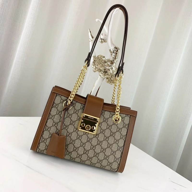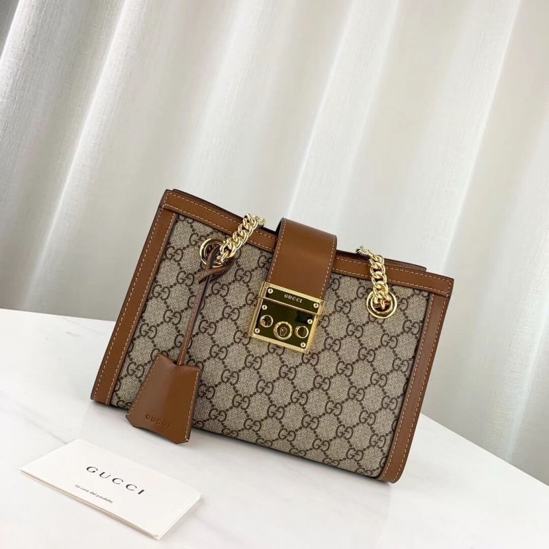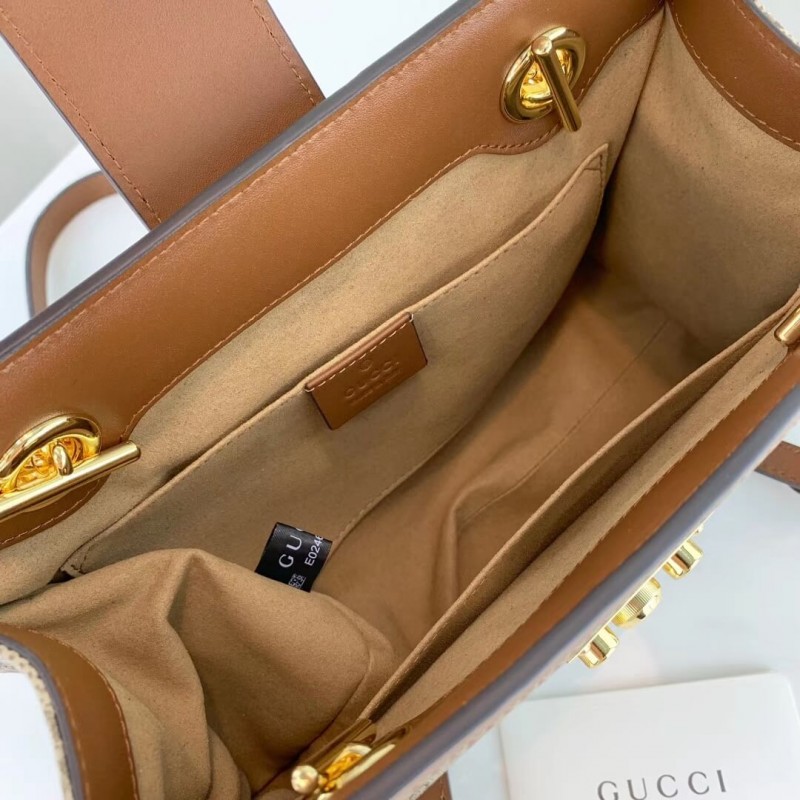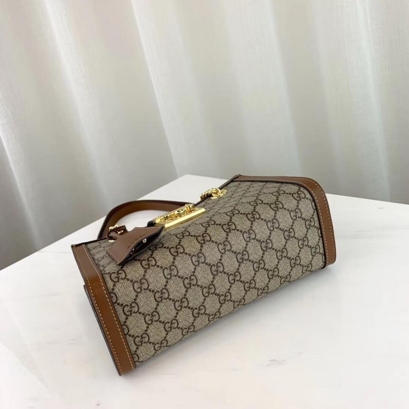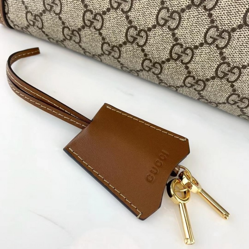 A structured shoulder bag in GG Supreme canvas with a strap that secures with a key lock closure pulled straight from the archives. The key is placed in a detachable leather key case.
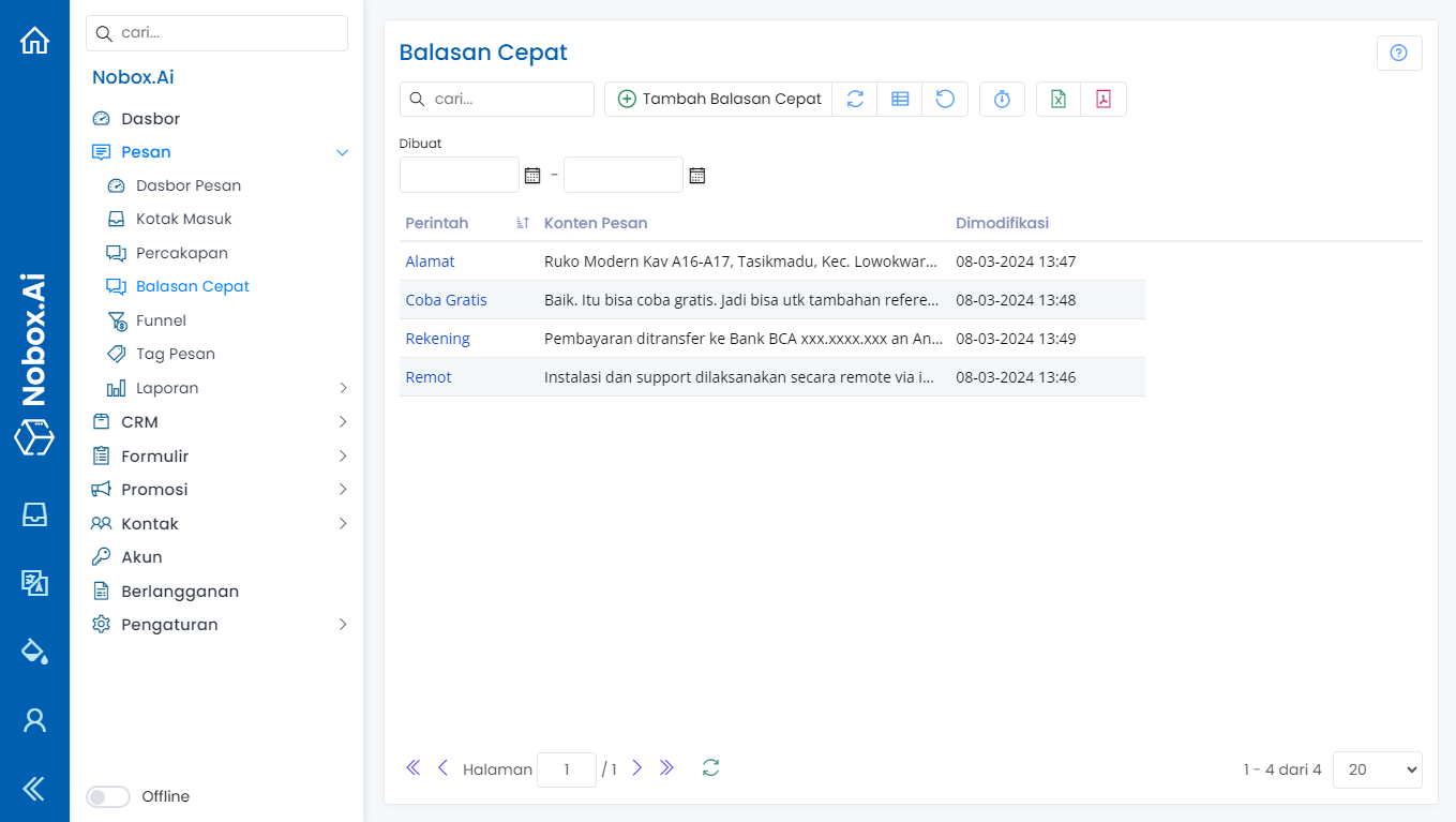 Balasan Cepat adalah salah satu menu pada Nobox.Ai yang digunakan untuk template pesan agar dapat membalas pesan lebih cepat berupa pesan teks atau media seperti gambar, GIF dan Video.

====

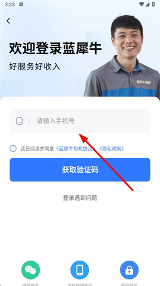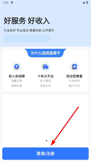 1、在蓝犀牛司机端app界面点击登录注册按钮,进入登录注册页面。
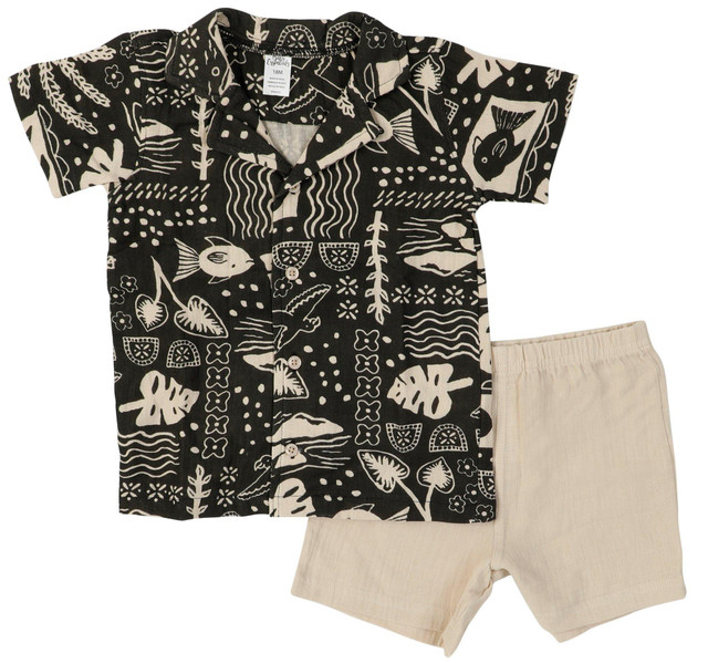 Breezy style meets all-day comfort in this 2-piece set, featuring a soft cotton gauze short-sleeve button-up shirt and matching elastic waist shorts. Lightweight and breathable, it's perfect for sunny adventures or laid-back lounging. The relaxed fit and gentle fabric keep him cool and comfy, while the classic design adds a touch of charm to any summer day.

====

§ PROBLEM
Reproduce word for word, with pictures dropped, only the part of the material above that opens with the line containing "A structured shoulder" and closes with the line containing "Balasan Cepat adalah".

§ SOLVED PROBLEM
 A structured shoulder bag in GG Supreme canvas with a strap that secures with a key lock closure pulled straight from the archives. The key is placed in a detachable leather key case.
 Balasan Cepat adalah salah satu menu pada Nobox.Ai yang digunakan untuk template pesan agar dapat membalas pesan lebih cepat berupa pesan teks atau media seperti gambar, GIF dan Video.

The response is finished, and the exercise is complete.